– Я управлял этим кораблем, – сказал Эйрик, – он… он не механизм. Когда он движется, он… он не преобразует посторонние кванты. Они… они становятся его частью. Он преобразует себя. Как харит.
Краем глаза Эйрик заметил молодого Трастамару. Тот выглядел куда более напуганным, чем когда их взяли в плен.
– Интересная мысль, – сказал принц Севир. – Очень интересная. Ты не задумывался, Эйрик, как давно человечество не совершало открытий? Я имею в виду не мелкие усовершенствования, новейшую щетку для полировки клешней крийнов и прочие вещи – а глобальные открытия?
– Нет.
– В космосе много рас. Почему империя, которая была создана, это империя человечества? Почему остальные в ней на правах подданных? А? Барры сильнее. Крийны многочисленней.
– Люди были первыми.
– Неправда. Когда человечество вышло в космос на гиператомных двигателях, у Таиров уже были двигатели, которые люди используют до сих пор и называют двигателем Нессиса.
– Тогда не знаю.
– Люди – лучшие изобретатели. Их разум всегда был ухватистей. Люди тут же освоили двигатели Таиров и тут же усовершенствовали, добавили базовый стабилизатор, который позволял кораблям появляться из гипера с точностью до трех тысяч километров. С тех пор корабли так и ходят. Есть единственная раса, которая вполне может сравниться с людьми в быстроте интеллектуального отклика. Это локры. Но у локров есть существенный минус. Два-три месяца в году они безумны. Трудно построить государство, если во главе его кто-то, кто временами сходит с ума.
Принц Севир улыбнулся.
– Именно это и испугало людей, когда они встретили харитов. Дело было не в чуждом облике. И не в ожившем кошмаре из старинных легенд о двойниках и подкидышах в колыбелях. Дело было в несоизмеримости разума. Не то чтоб хариты были умнее. Вовсе нет. Наоборот, к этому времени их цивилизация интеллектуально зашла в тупик. Их способ познания мира исчерпал себя так же, как способ познания мира, свойственный людям. Но эти два способа были совершенно разные. Они не пересекались. И люди этого испугались.

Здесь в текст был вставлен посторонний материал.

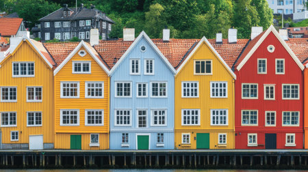 Traditional Scandinavian wooden buildings in vivid colors on Trondheim's waterfront, with the calm sea and blue sky creating a picturesque scene
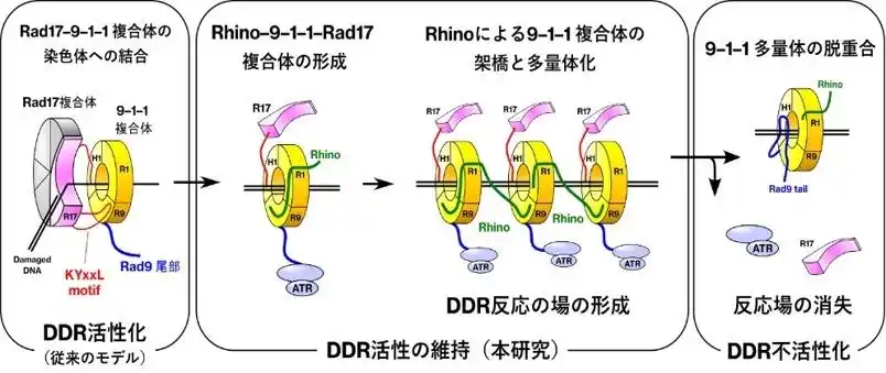 図2 ATR依存的DDRの段階的移行: 活性化したDDRが活性維持段階を経て不活性化段階へと移行するメカニズムを提案。特に、Rad17-9-1-1-Rhino複合体の構造遷移が各段階の移行の基盤となると示唆された。活性維持段階においては、集積したDDR関連タンパク質によってDDR反応の場としてのフォーカスが形成され、DDR不活性化段階においては、DDR関連タンパク質が拡散し、反応の場が消失すると考えられる。 |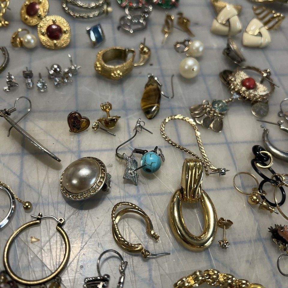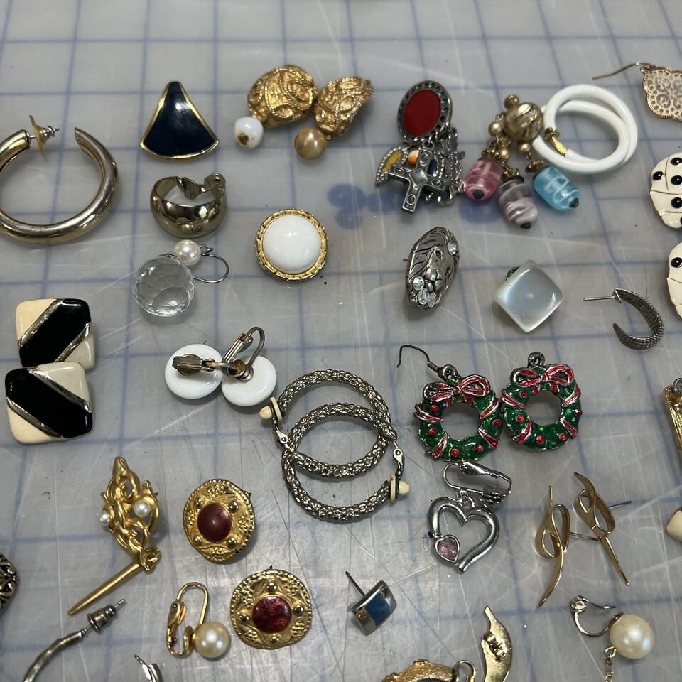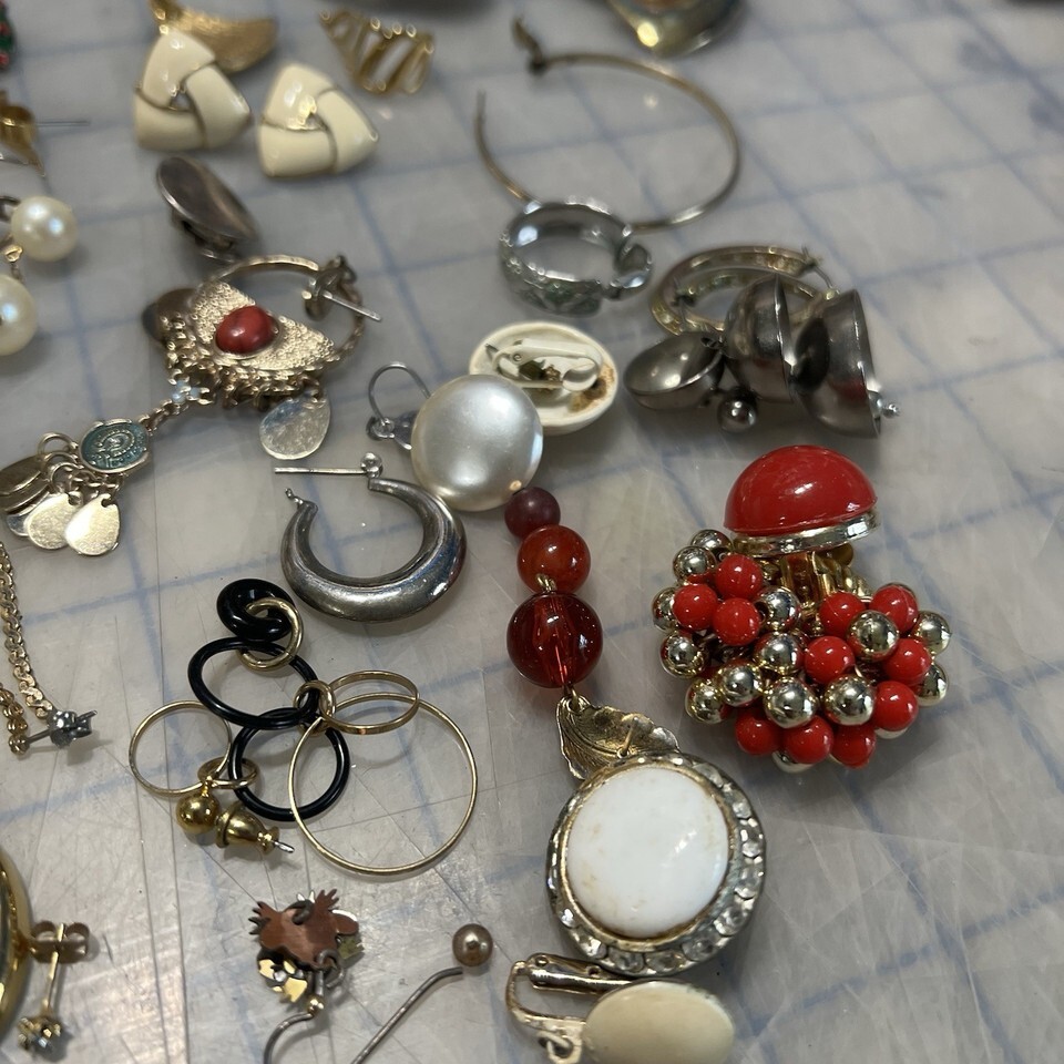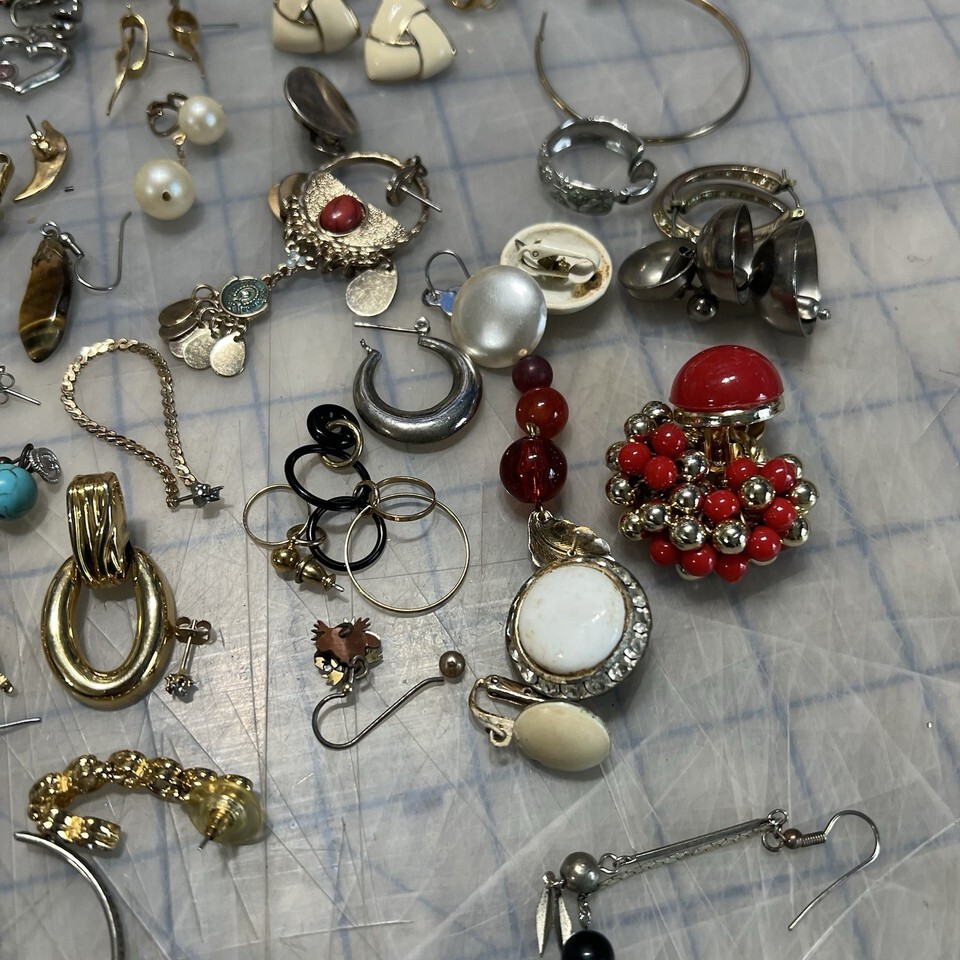 - Lot Of Earrings Clip On Post Vintage Modern Costume Singles Pairs Crafting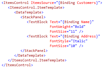 For this demo I have created a Silverlight project with a view called CustomerView.xaml and a viewmodel called CustomerViewModel.cs. The view contains an ItemsControl with an ItemTemplate that I will use to display a list of Customers and their address. I have bound the ItemsSource to the Customers property from my viewmodel.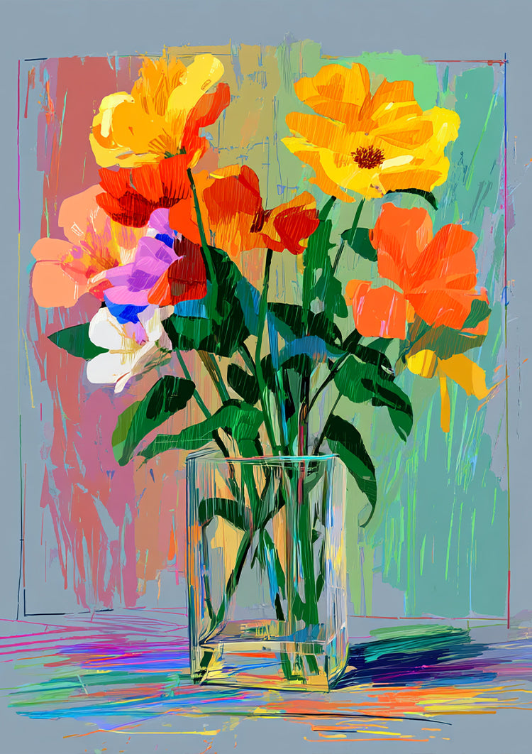Een modern bloemenstilleven in een glazen vaas, badend in een achtergrond van regenboogtinten.
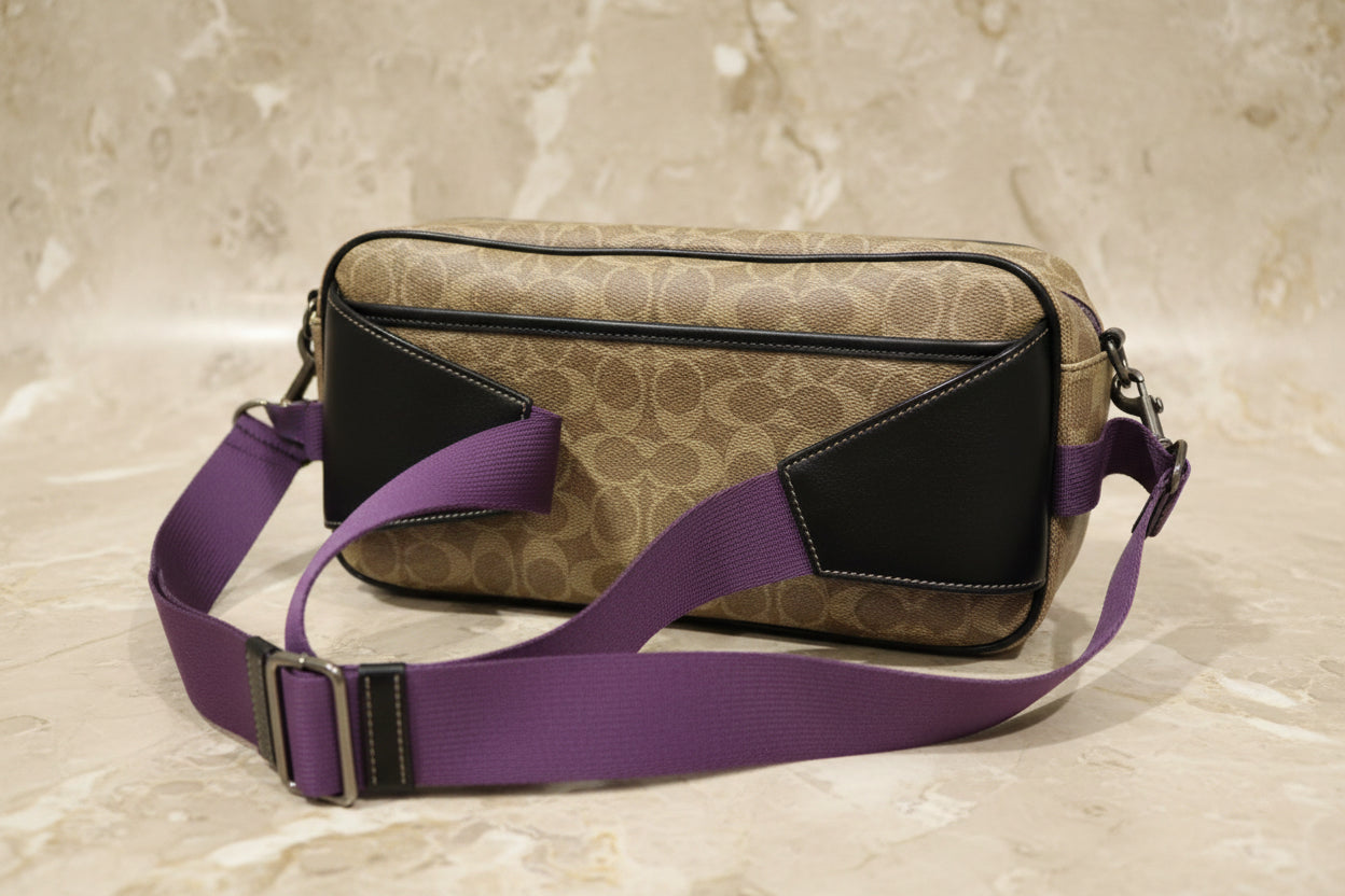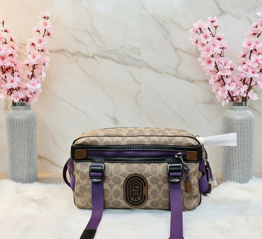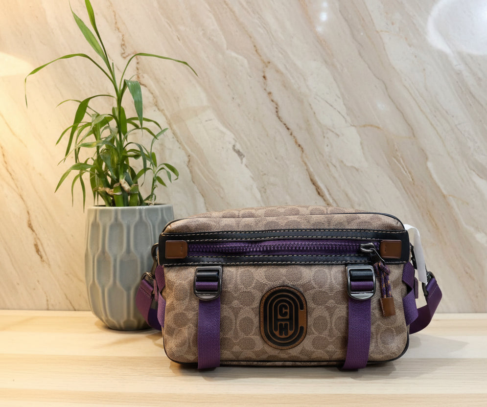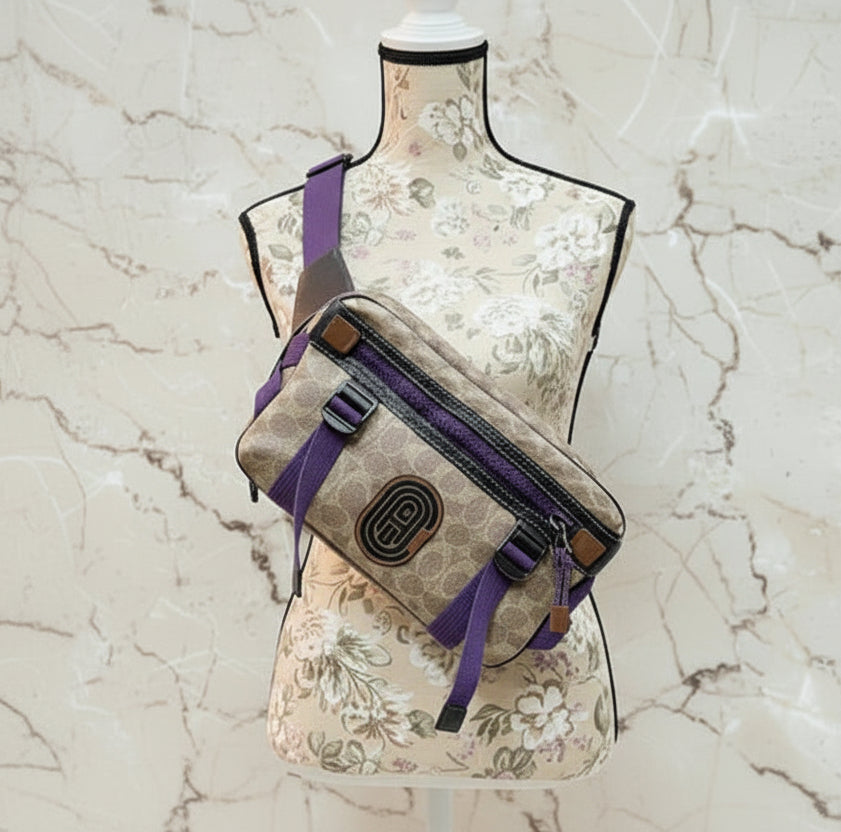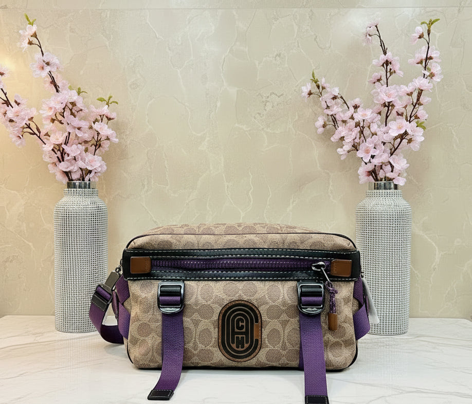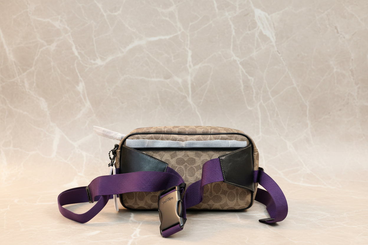 حقيبة خصر/حقيبة جسم محدودة الإصدار مطبوعة بشعار كوتش، مصنوعة من قماش الكانفاس البني المميز.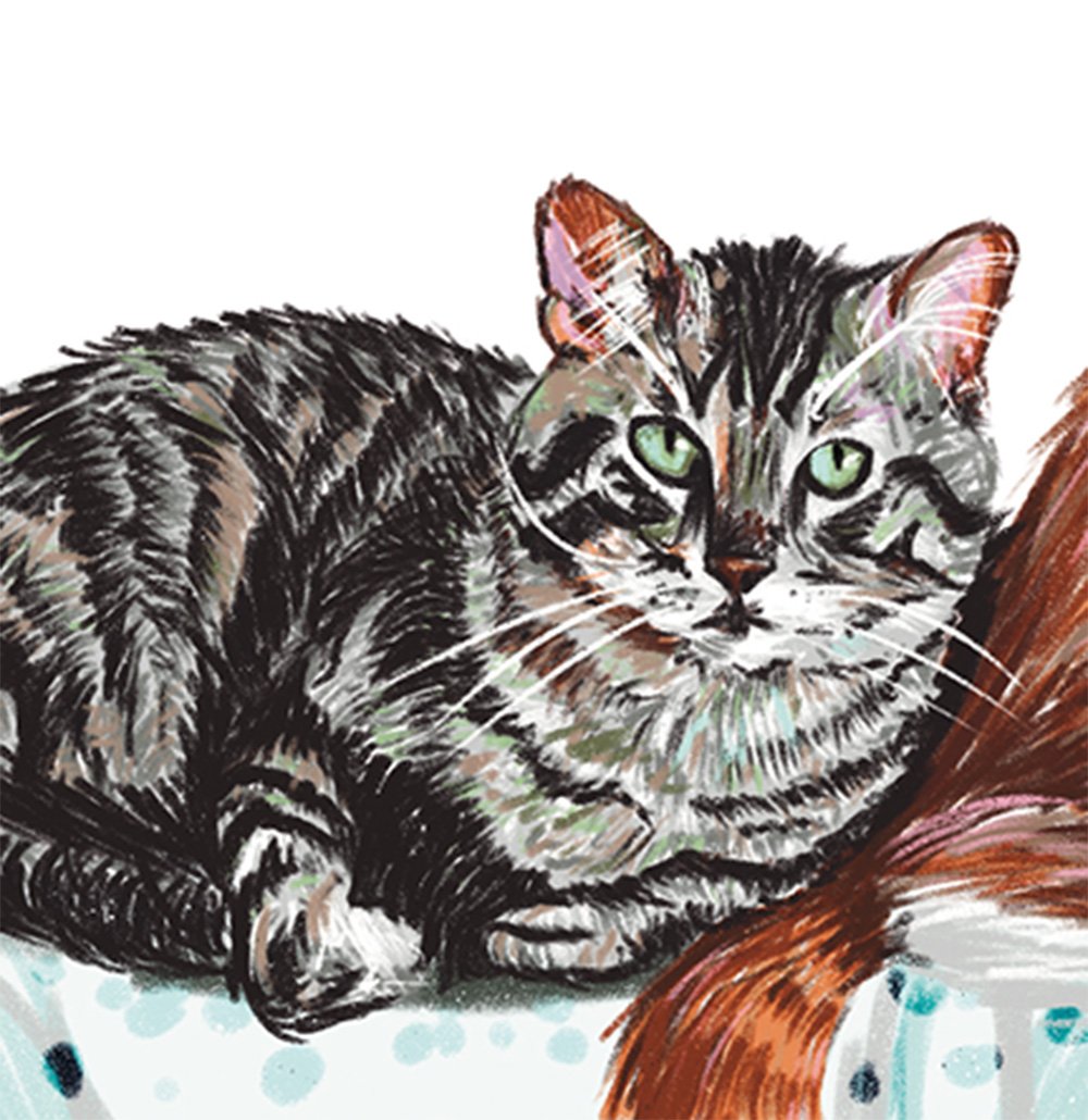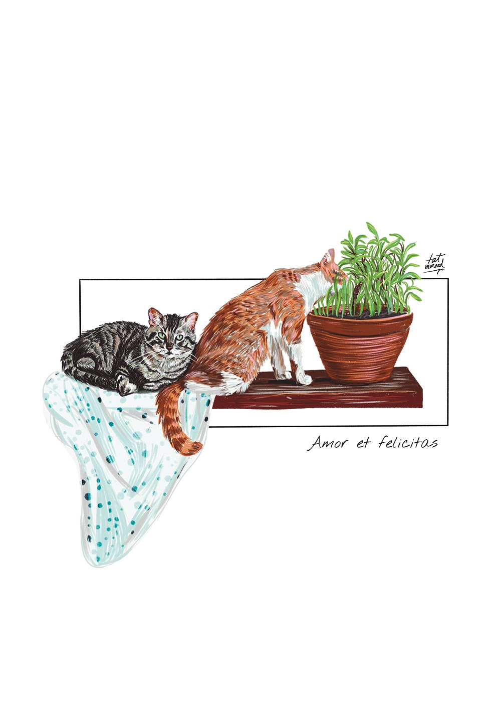 Ilustraciones de gatos desarrollada para un wallpaper decorativo y también adaptada como diseño impreso en polo. Una pieza versátil que celebra el carácter felino en distintos soportes.

– Вам видней, принц, – горько сказал ван Эрлик.
– А бояться не стоило. Ибо если в мире есть бог, общий для рас и разумов, то он создал людей и харитов друг для друга, как он создал в свое время мужчину и женщину. Человеческая цивилизация застыла. Она больше не заглядывает за грань вечности. Она строит дворцы и игрушки. Чтобы наши знания двинулись вдаль, необходим синтез двух знаний. Двух цивилизаций. Двух рас.
– Этот синтез касается только звездолетов? – спросил Эйрик.
– О чем ты, Эйрик?
– Всю жизнь я полагал, что хариты не могут создать машину. Всю жизнь я полагал, что харит не может в точности изображать человека. Сегодня мне показали, что первое неверно. Стоит ли думать, что второе – тоже неверно?
– Что навело тебя на эту мысль?
– Этот корабль создали хариты. Я, Эйрик ван Эрлик, не вижу харитов среди руководителей проекта. Значит, я не вижу очевидного. Я размышлял о том, почему мне сохранили жизнь, и пришел к выводу, что мы знакомы.
Невысокий толстяк в летном комбинезоне, топорщащемся на животе, с жесткими карими глазами навыкате помолчал, словно собираясь с мыслями.
– Да, мы знакомы, Эйрик, – сказал он. – Меня зовут Дом Кирр. Помнишь, когда меня впервые научили летать, я сказал тебе, что ты просто маленький и через четыре года ты научишься летать? Но ты так и не научился.
Несколько секунд на мостике царило молчание. Только, затухая, бегали огоньки по обзорному экрану, и лицо Чеслава Трастамары казалось молочно-белым в свете тактического куба. Потом Нин Ашари шагнул вперед и, церемонно поклонившись, положил рядом с ван Эрликом пульт управления нейросетью.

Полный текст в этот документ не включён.